## [What is required]
Transcribe the listing word for word, beginning at its first line and ending at the line containing "Die Regionalbahn und"; omit the pictures.

## [Dataset excerpt]
>>>
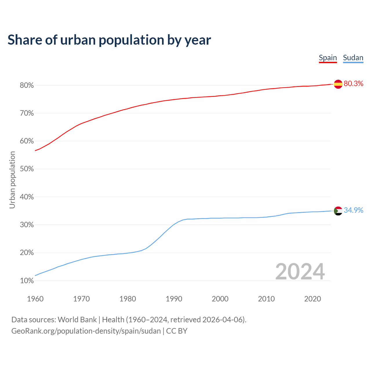 From 2004 to 2024, the share of urban population changed from 77% to 80.3% in Spain and from 32.4% to 34.9% in Sudan.
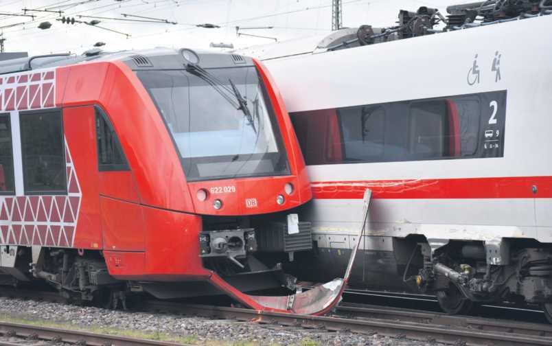 Die Regionalbahn und der ICE kollidierten seitlich.
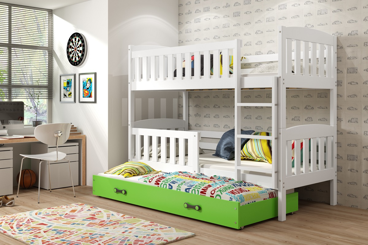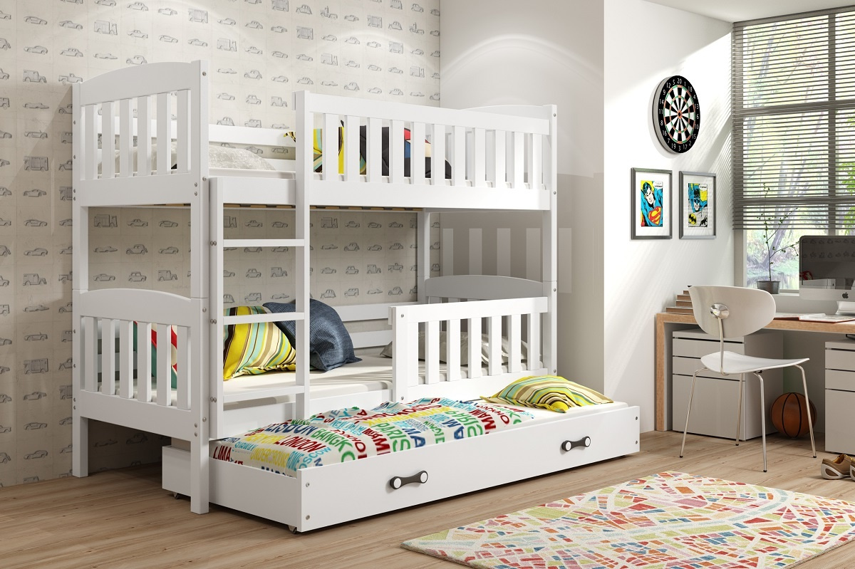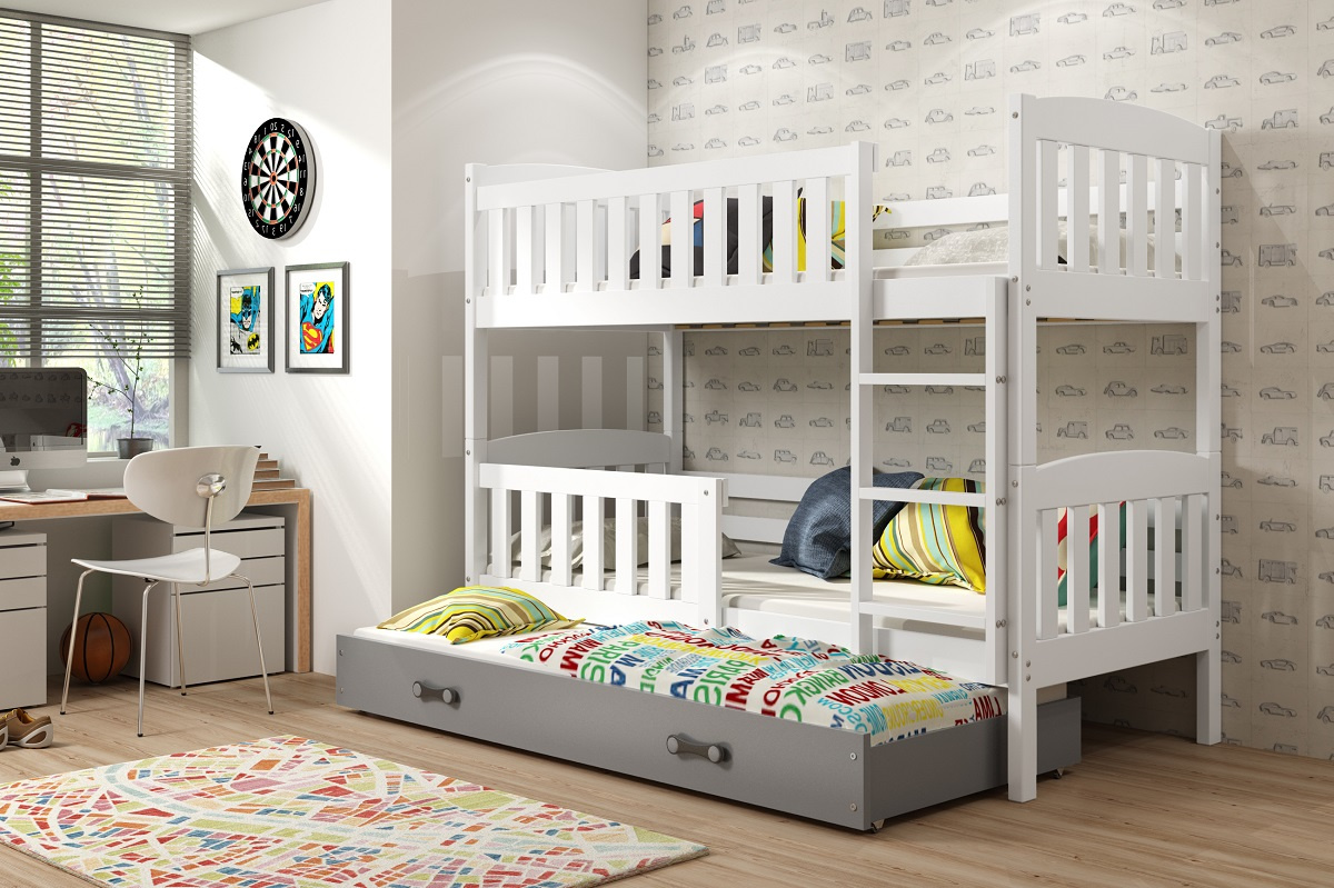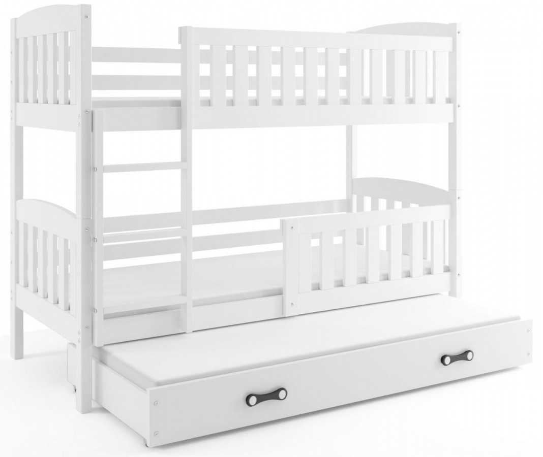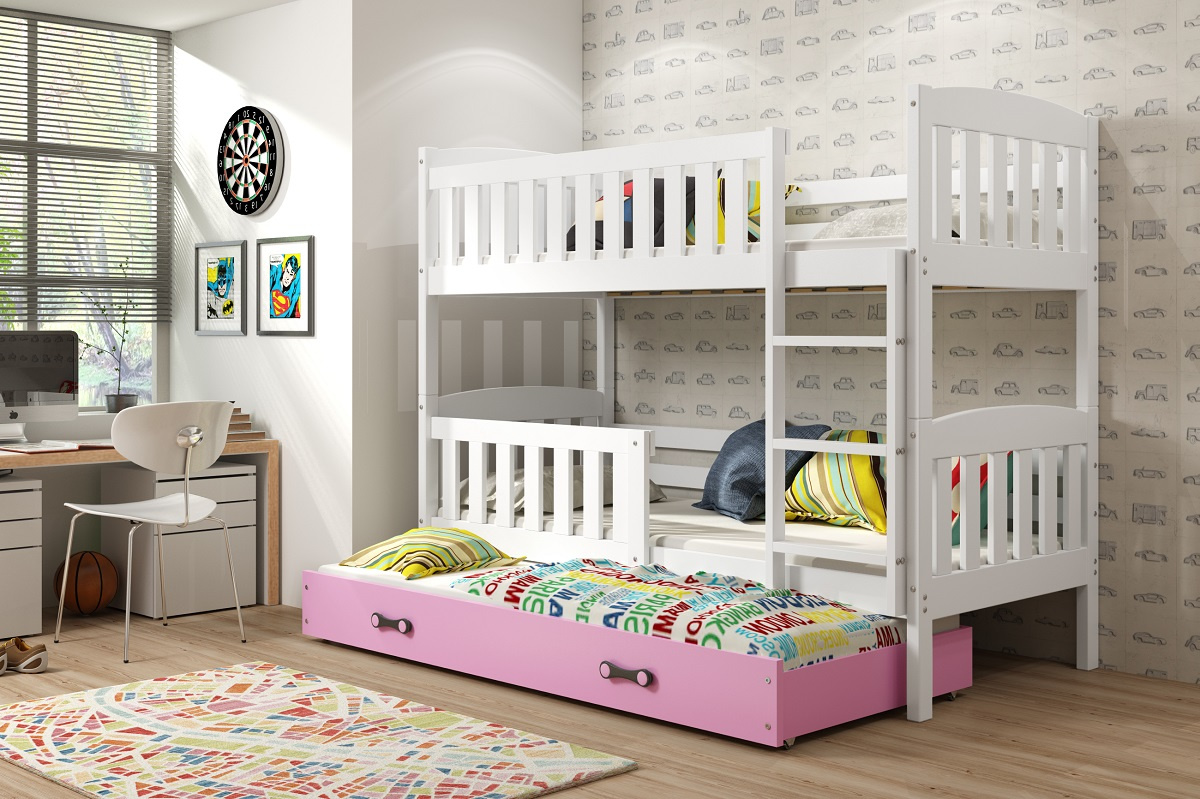 Dětská patrová postel Kuba je výbornou volbou všech rodičů, kteří pro své dítě hledají funkčnost, moderní design a kvalitu. Postel je vyrobena z kvalitního borovicového dřeva. Její stabilní konstrukce, zaoblené hrany a zábrana na horní i dolní posteli, zajišťují bezpečnost a pohodlí dítěte. Žebřík si můžete podle potřeby umístit na pravou, nebo levou stranu postele. Když děti patrová postel omrzí, je možno palandu rozložit na dvě samostatné postele. Součástí postele je také praktická přistýlka s matrací, kterou můžete využít pro další dítě, nebo když u Vašich dětí bude chtít přespat kamarád/ka. Všechny části postele mají rošt a pěnovou matraci v ceně. Plocha pro spaní je 90x200 cm (vrchní a spodní část) a 80x190 cm (přistýlka). Postel je dodávána v demontu a součástí je montážní plánek včetně všech potřebných spojovacích materiálů. Vyobrazené doplňky a dekorace nejsou v ceně.Z obrazení barev na fotografii se může od skutečnosti nepatrně lišit.
<<<
## [Exercise response]
 From 2004 to 2024, the share of urban population changed from 77% to 80.3% in Spain and from 32.4% to 34.9% in Sudan.
 Die Regionalbahn und der ICE kollidierten seitlich.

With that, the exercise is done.